INSTRUCTIONS FOR THE TASK:
Skip the pictures, please, and write out exactly every line from the one containing "Vivid and celebratory, this" through the end of the listing below.

EXERCISE DATA:
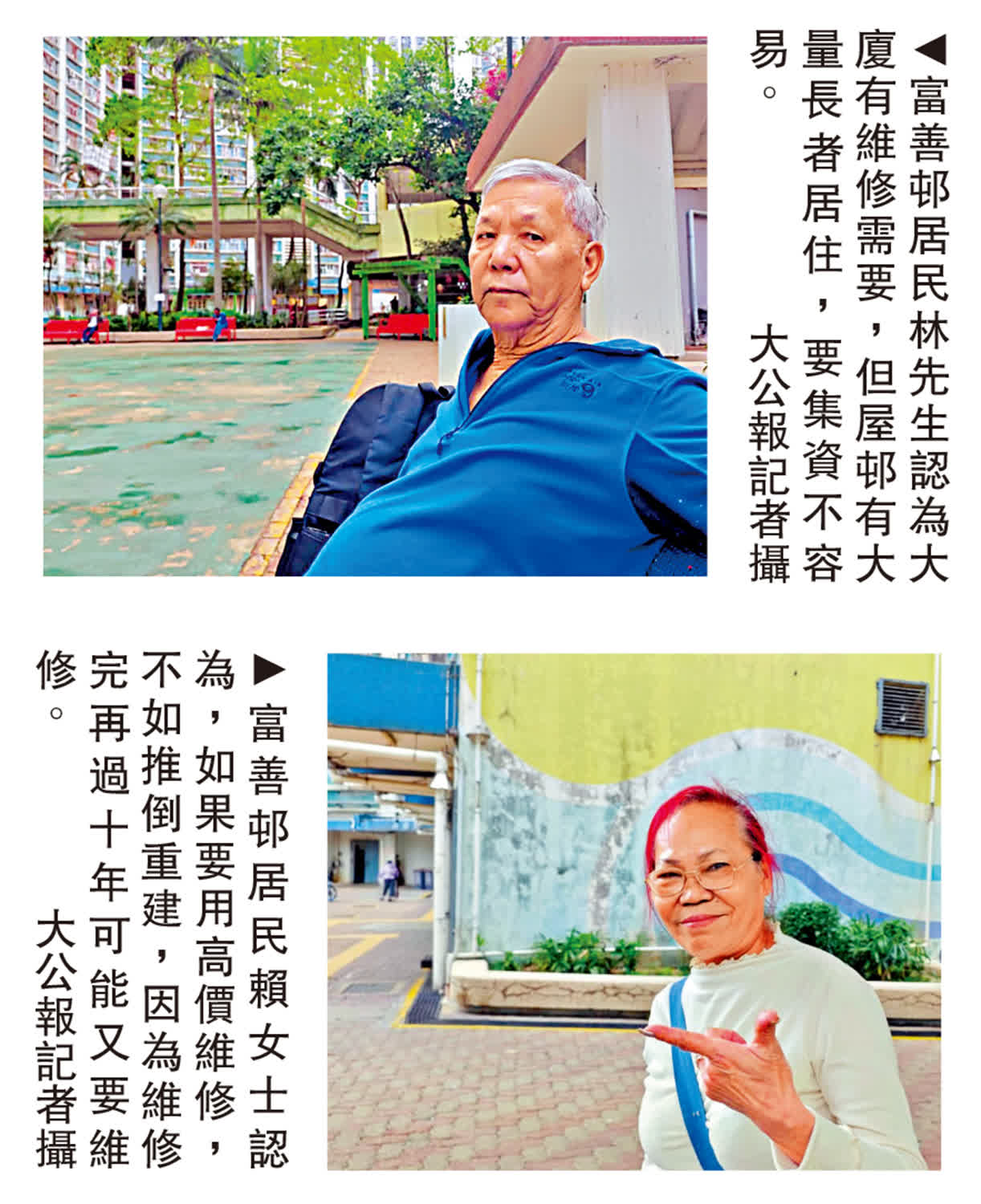 富善邨樓齡約41年,需要進行大維修。大公報記者昨日到富善邨,從外觀察,除了小部分牆身有瓦片脫落外,未見嚴重的老舊痕跡。對於大維修,居民反應兩極,有居民不願負擔天價維修費,亦有人認為樓齡已高需要維修。
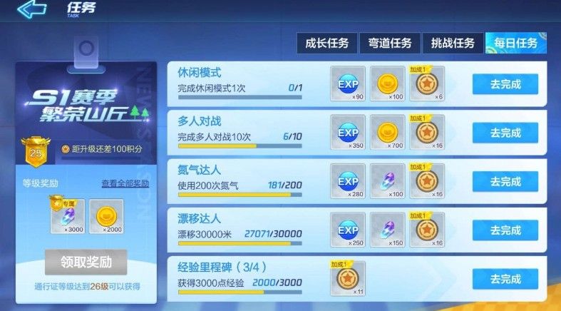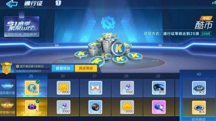 两种通行证会有两种后续,活跃通行证,获得后不会获得特别的东西,只是需要玩家完成每日任务来给通行证升级,从一级开始,奖励各种游戏币、升级资源、皮肤等,奖励中规中矩,虽然除了最终奖励的爆裂赛车外没有太多亮点,不过作为免费的福利来说还是很不错的哟。
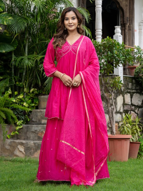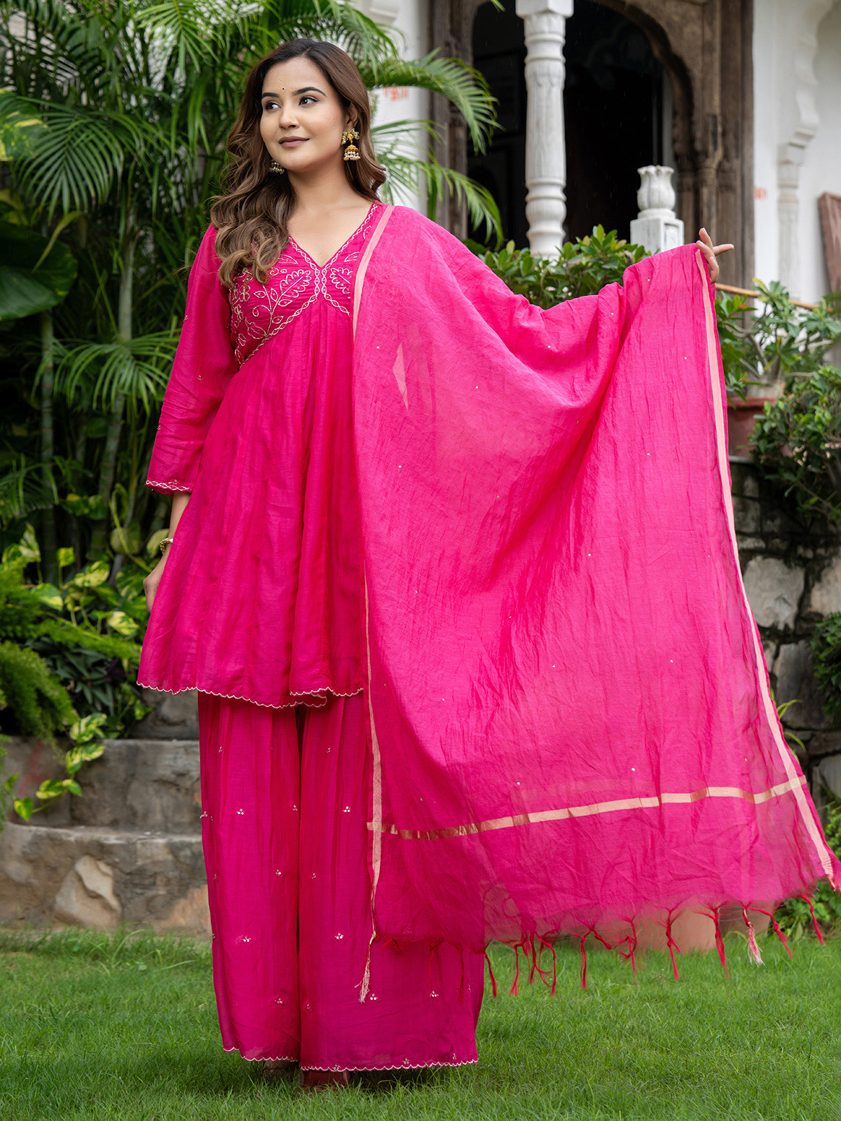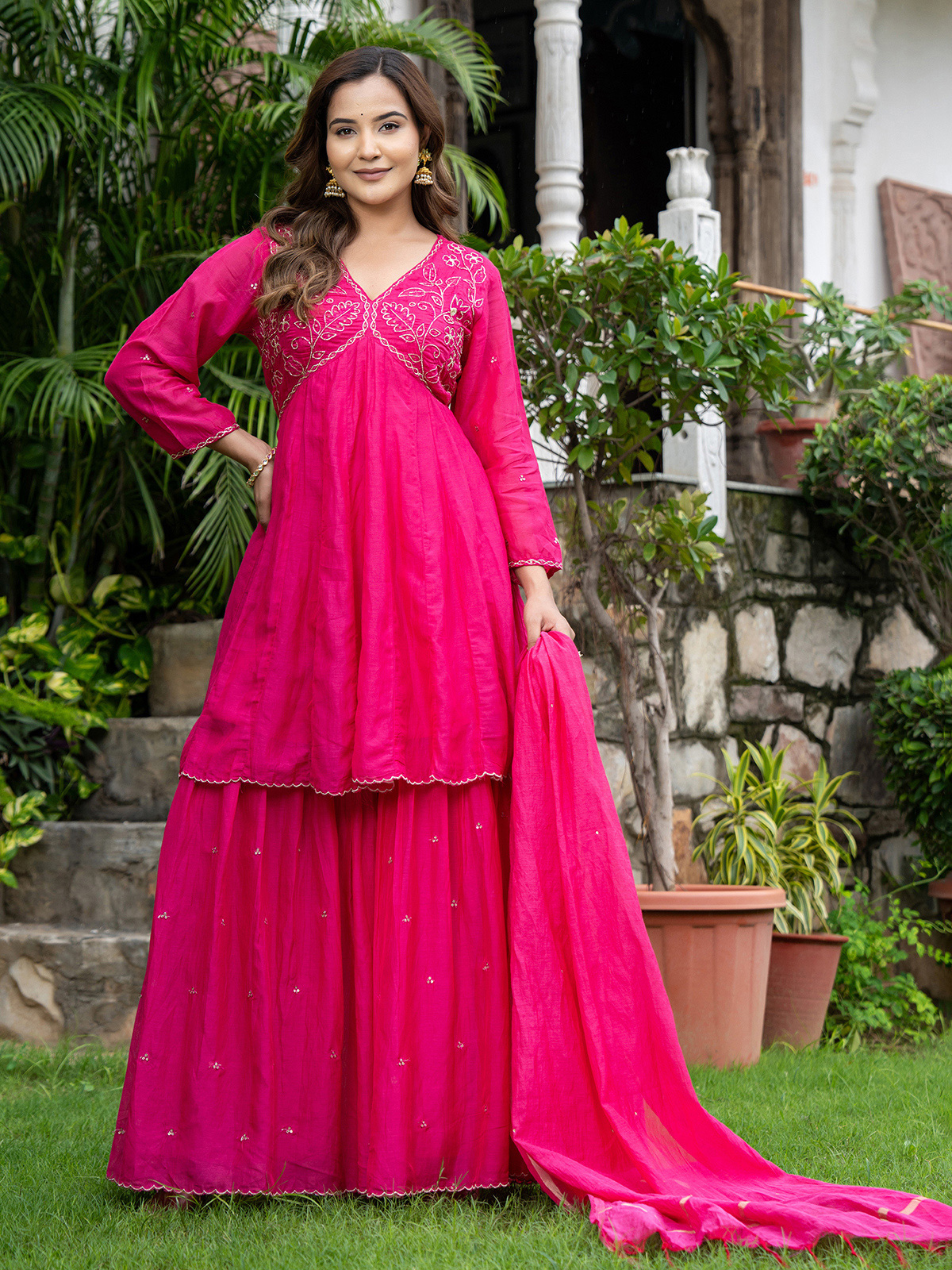 Vivid and celebratory, this rani pink cotton silk sharara kurti set is decorated with thread and sequins work. Styled with a V-neckline, quarter sleeves, and dupatta, it creates a festive look that combines cultural beauty with modern grace.
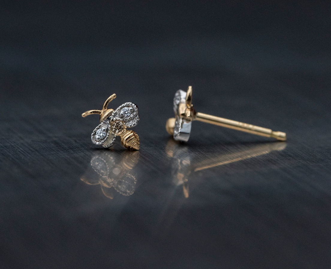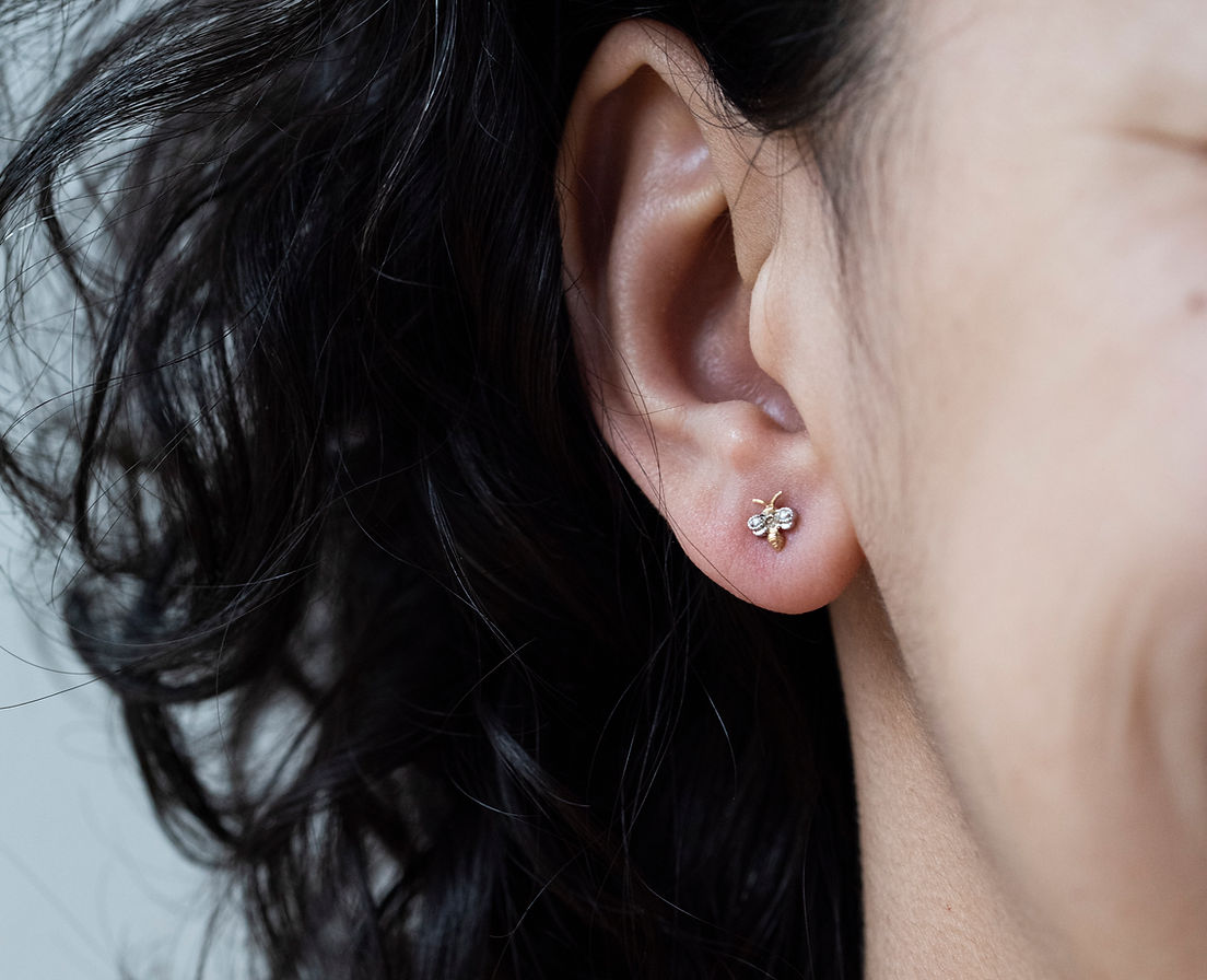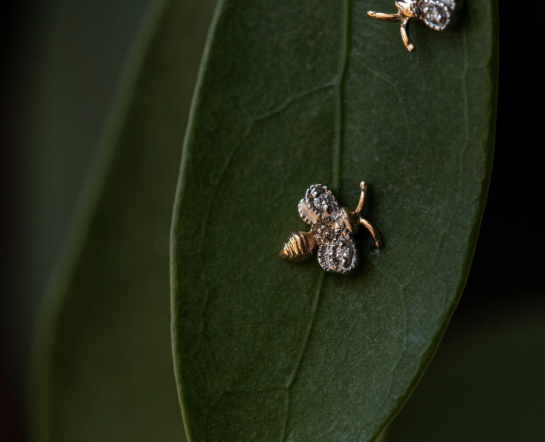 Inspired by the minute perfection of North America’s smallest bee species and namesake, Perdita Minima studs are finely detailed in 18K gold with natural diamonds.

ANSWER:
 Vivid and celebratory, this rani pink cotton silk sharara kurti set is decorated with thread and sequins work. Styled with a V-neckline, quarter sleeves, and dupatta, it creates a festive look that combines cultural beauty with modern grace.
 Inspired by the minute perfection of North America’s smallest bee species and namesake, Perdita Minima studs are finely detailed in 18K gold with natural diamonds.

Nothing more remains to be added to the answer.